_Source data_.
——————

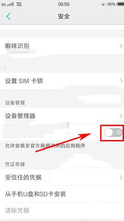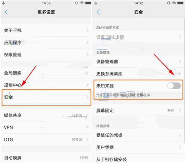 接着再点击进入【安全】,最后找到【安装未知应用】将旁边的开关开启或关闭就可以了。(如下图)
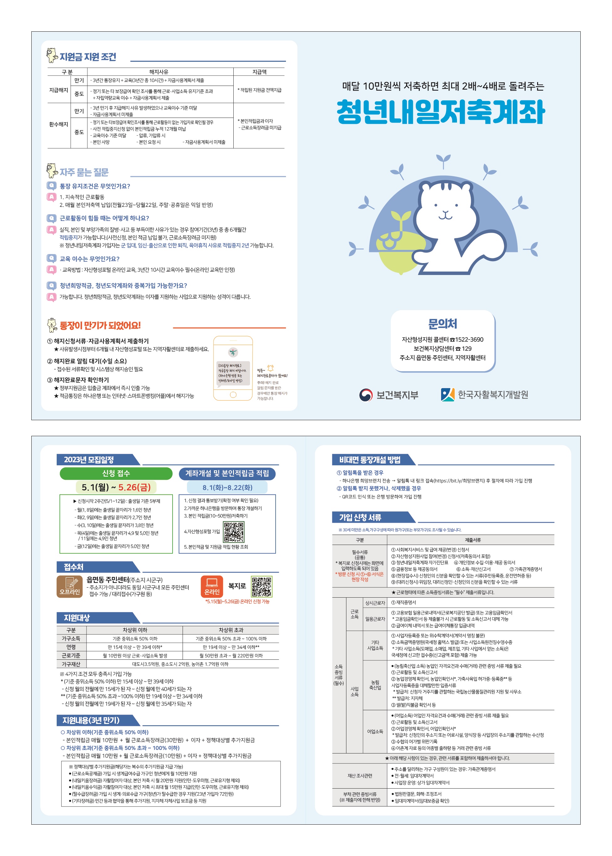 | 11085 | 청년내일저축계좌 신청 안내 | 반포면 | 32 | 2023-05-03 | 청년내일저축계좌리플릿.jpg |
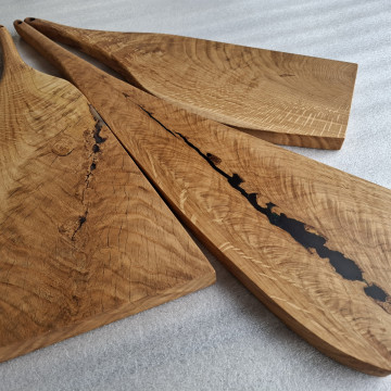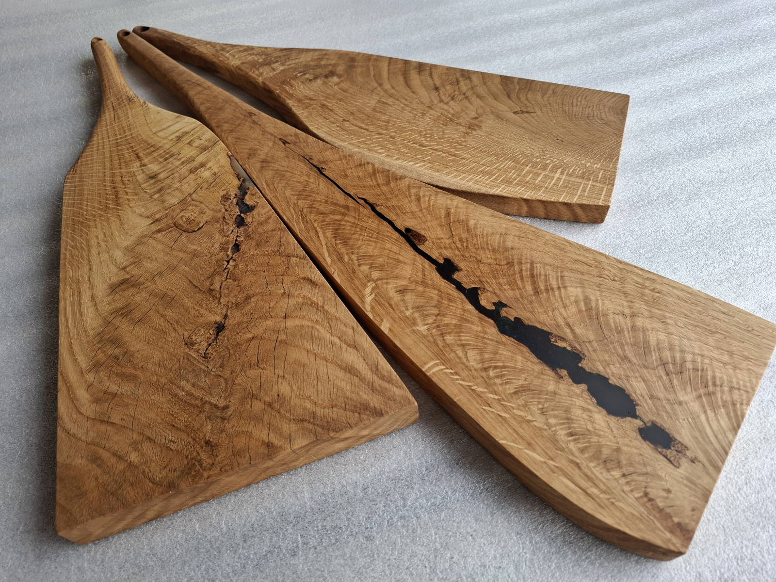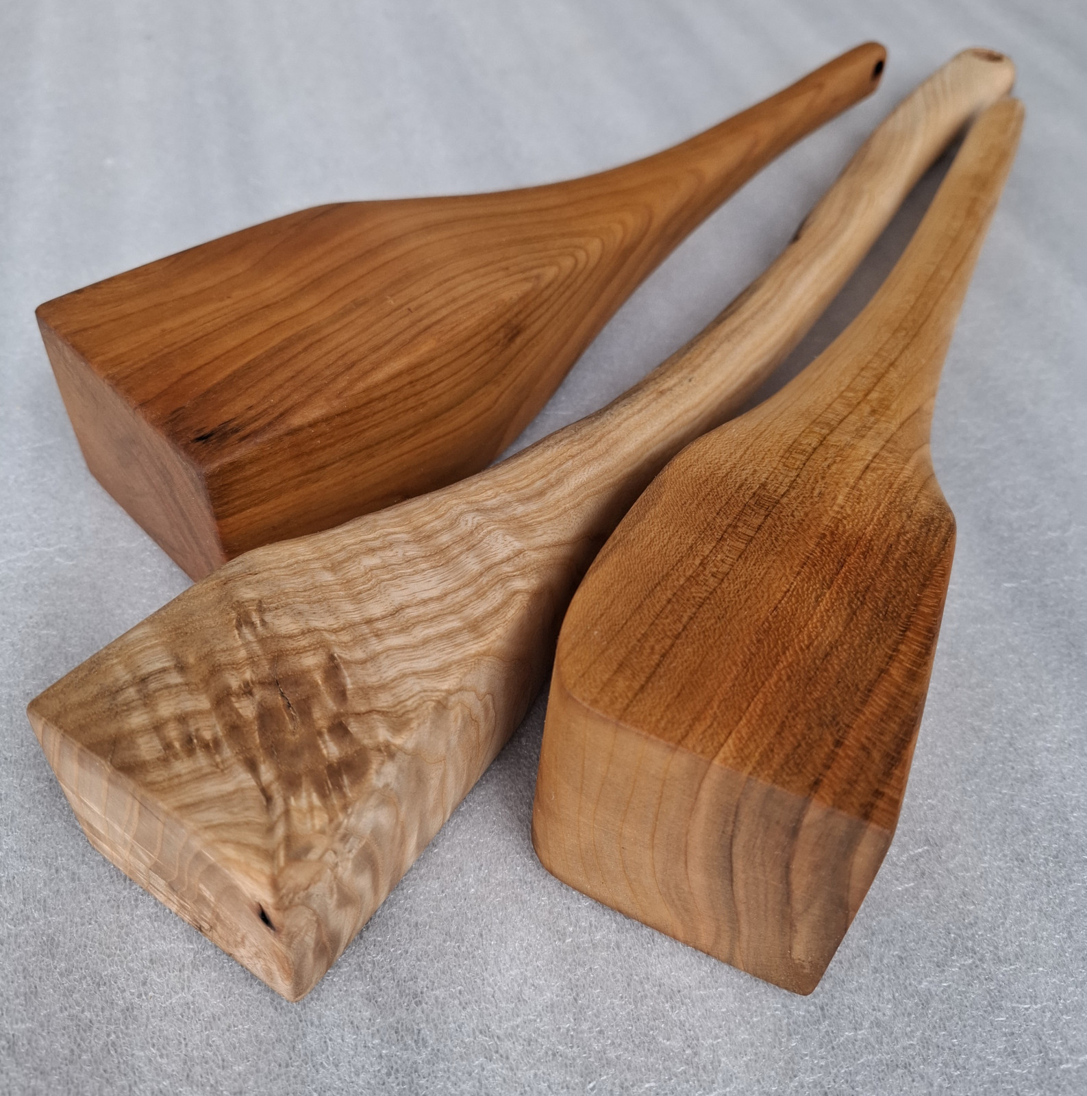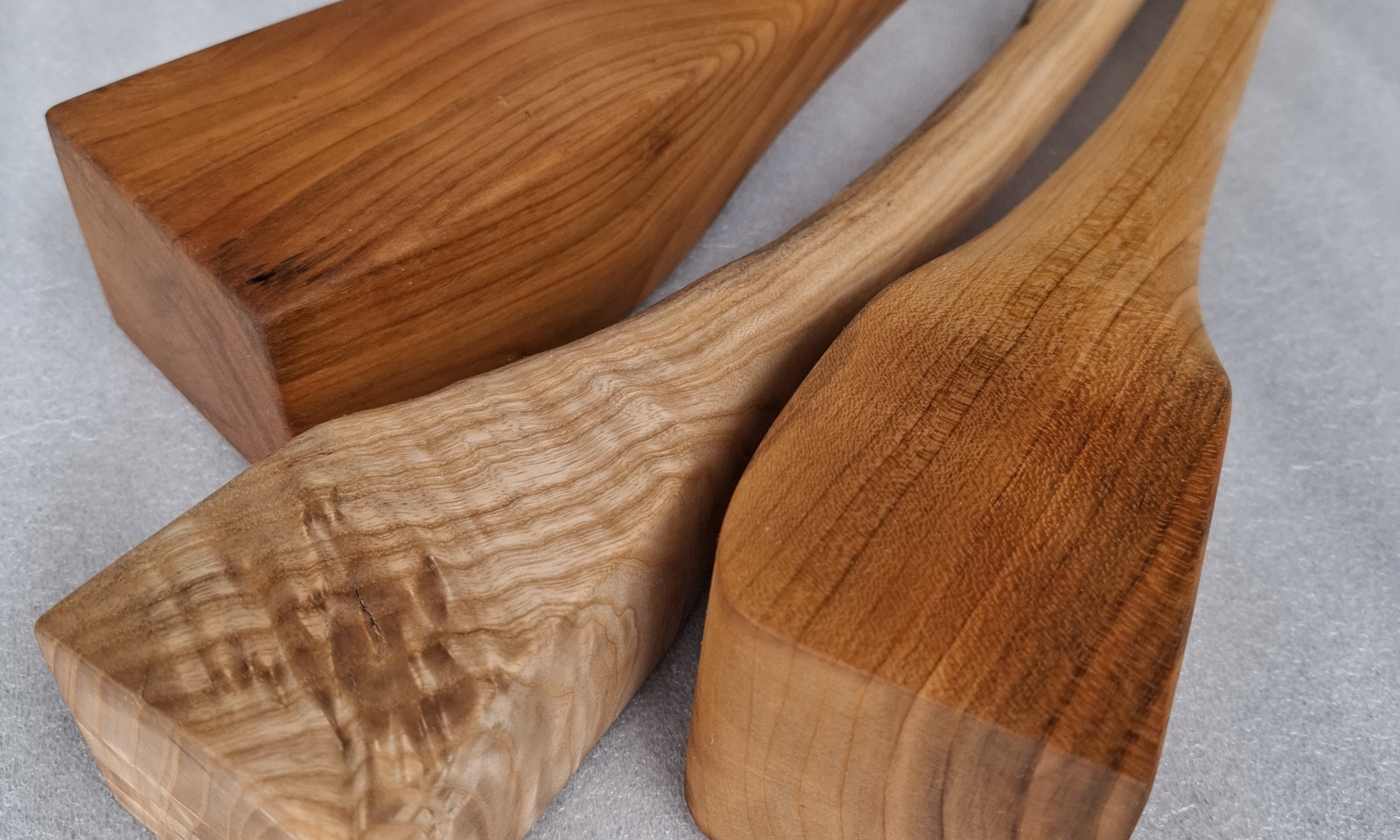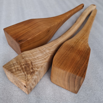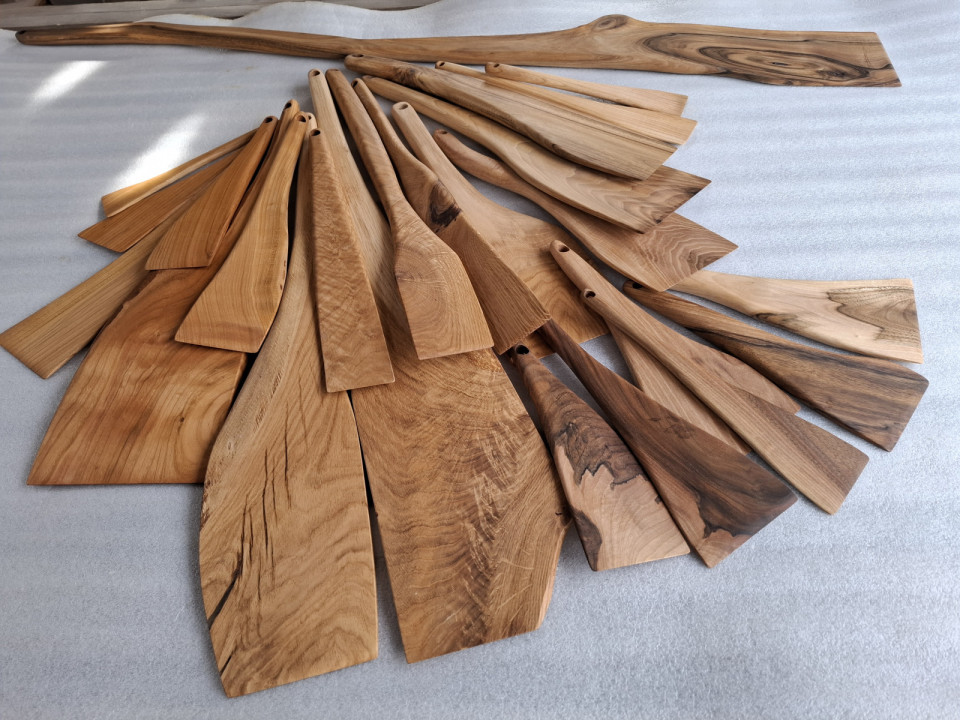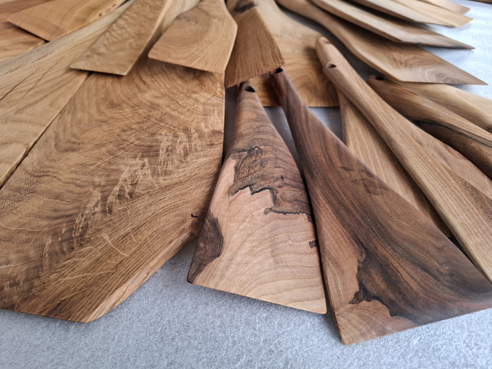 Nieduża partia drewnianych przyborów kuchennych, 25 łopatek kuchennych, 4 deski kuchenne i 3 tłuczki kuchenne. Wykonane z orzecha, dębu, jesionu i czereśni. Większość z kawałków drewna o ładnym falistym usłojeniu występującym na zrostach dwóch pni lub konarów, jest to tzw twardzica. Takie drewno jest kilkukrotnie twardsze i cięższe od standardowego ciężaru danego gatunku drewna
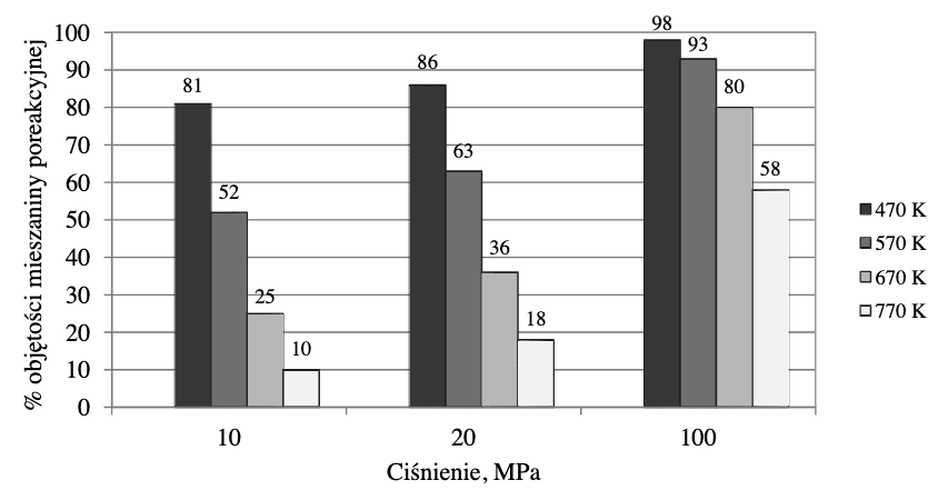 W wyniku pewnej odwracalnej reakcji chemicznej z dwóch substratów powstaje jeden produkt. Przemiana przebiega w fazie gazowej, co oznacza, że oba substraty i produkt są gazami. Reakcję tę przeprowadzono w zamkniętym reaktorze przy użyciu stechiometrycznych ilości substratów w różnych temperaturach i pod różnym ciśnieniem. Na poniższym diagramie przedstawiono, jaki procent objętości mieszaniny poreakcyjnej w reaktorze stanowiła objętość produktu tej reakcji w zależności od warunków temperatury i ciśnienia, w jakich przebiegała.
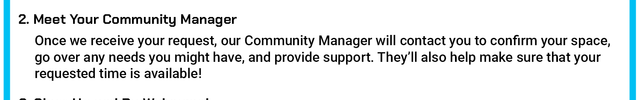 Never worry about finding a table! Your Community Manager will save a space for you.
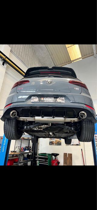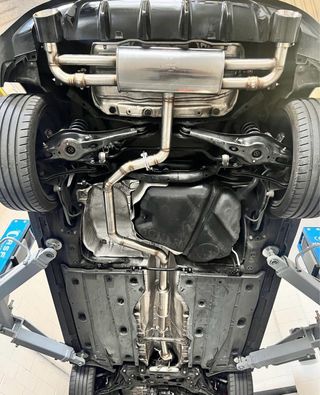Sistema de escape completo, incluye tramo intermedio y trasero con válvulas. - Fabricado en acero inoxidable. - Diseño deportivo y de alto rendimiento. Con su homologación y sus papeles, es complatible con bastantes modelos grupo vag, actualmente esta en un golf gti TCR.
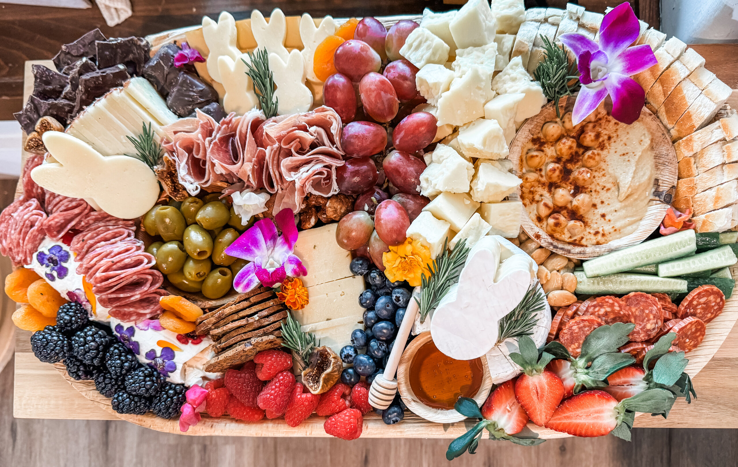 Hop into the Easter spirit with our adorable Easter-themed charcuterie board! This festive board is filled with a delightful assortment of cheeses, meats, fruits, and sweets, guaranteed to make your taste buds hop with joy. From bunny-shaped cheeses to colorful Easter egg chocolates, every detail is crafted with love and care. Whether you’re celebrating with family or hosting a cozy gathering with friends, our Easter charcuterie board is sure to be the star of the show. It’s the perfect way to nibble while enjoying the holiday festivities. Don’t miss out on this egg-cellent addition to your Easter celebration!
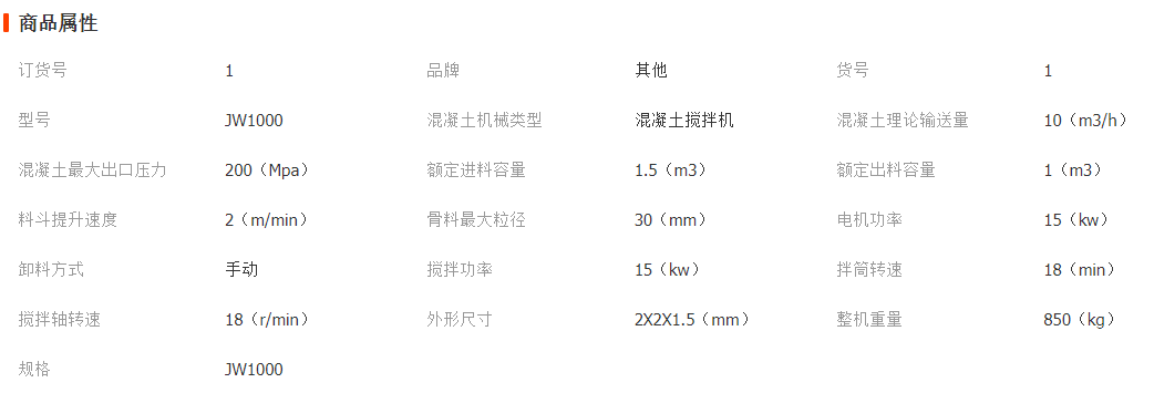 JW平口混凝土攪拌機(jī)主要參數(shù):
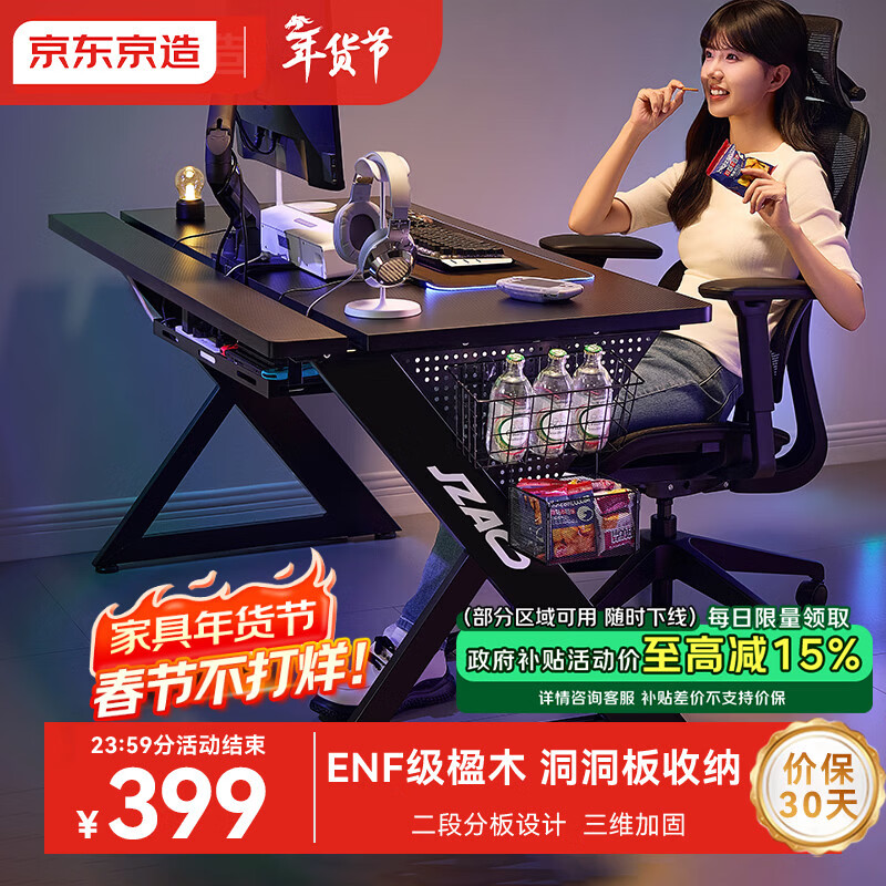 京东京造泰坦A3电竞桌台式电脑桌子实木ENF级家用书桌办公桌碳纤维纹1.4m
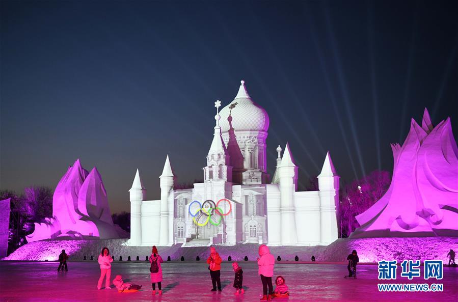 游客在3D雪秀演出现场玩冰雪娱乐项目(1月4日摄)。 新华社记者王建威摄
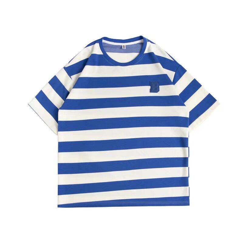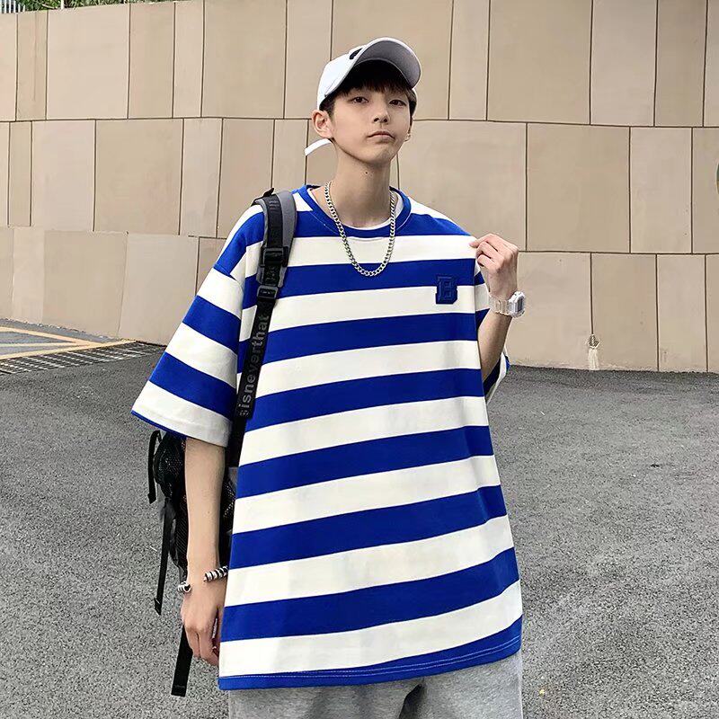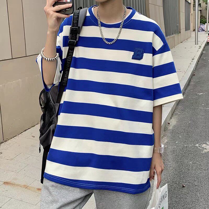2022 summer new men's T-shirt loose trendy brand round neck ins Korean version trendy stripes all-match half-sleeved short-sleeved

——————

_Exercise requirements_. The answer consists of the lines from the one holding "京东京造泰坦A3电竞桌台式电脑桌子实木ENF级家用书桌办公桌碳纤维纹1.4m" to the end of the records, inclusive, restated exactly and without pictures.

_Reply to the task_.
 京东京造泰坦A3电竞桌台式电脑桌子实木ENF级家用书桌办公桌碳纤维纹1.4m
 游客在3D雪秀演出现场玩冰雪娱乐项目(1月4日摄)。 新华社记者王建威摄
2022 summer new men's T-shirt loose trendy brand round neck ins Korean version trendy stripes all-match half-sleeved short-sleeved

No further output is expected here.